───── Information supplied

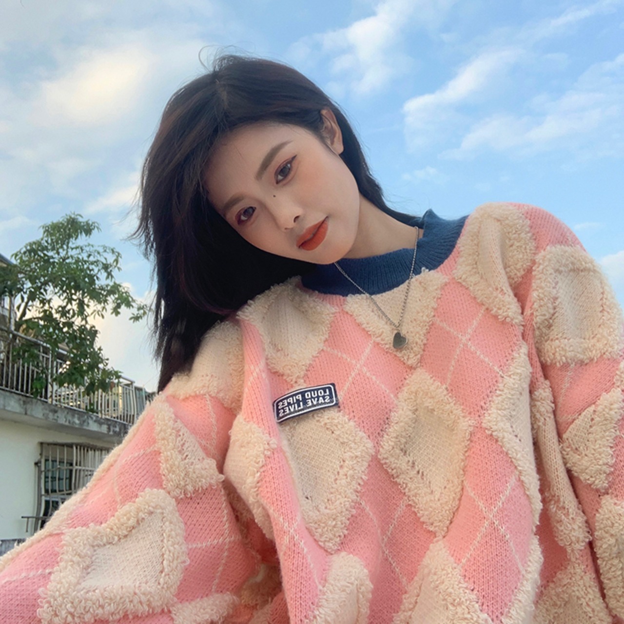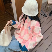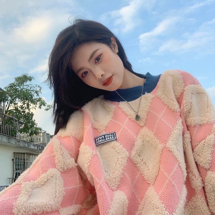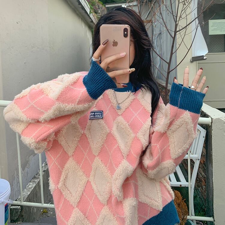 (2色選択可) トップス セーター ニット プルオーバー ラウンドネック フリーサイズ 大きめ ビッグサイズ ゆったり ゆる 赤 ピンク チェック柄 もこもこ かわいい かわいい シンプル カジュアル おしゃれ お洒落 かっこいい レトロ こなれ感 ラフ メンズライク ボーイッシュ スポーティー ラブリー キュート ルーズ 個性的 クール 主役級 10代 20代 30代 40代 レディース 通勤 学生 お出かけ 公園デビュー 女子会 お泊まり 休日 アウトドア イベント 韓国系 楽ちん 体系カバー | Chère
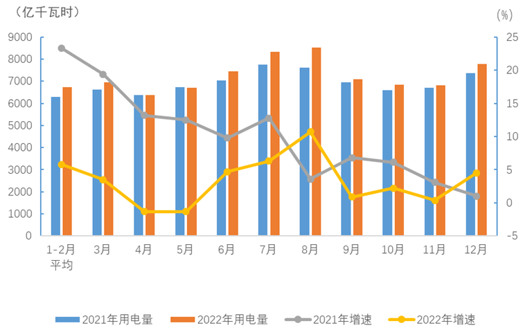 圖1 2021、2022年分月全社會(huì)用電量及其增速
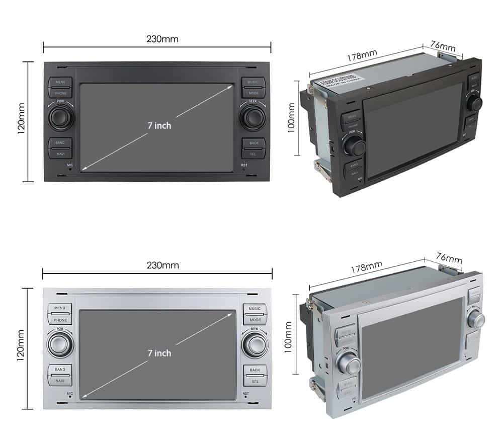 Auto Rádio GPS Android FORD FOCUS, FIESTA, KUGA, S-MAX, C-MAX [Cantos Retos] (7")

──────────

Task requirements >> What you need to copy is the run of lines from the one holding "圖1 2021、2022年分月全社會(huì)用電量及其增速" through the end of the data, exactly and only, both ends included, pictures omitted.

Answer section >>
 圖1 2021、2022年分月全社會(huì)用電量及其增速
 Auto Rádio GPS Android FORD FOCUS, FIESTA, KUGA, S-MAX, C-MAX [Cantos Retos] (7")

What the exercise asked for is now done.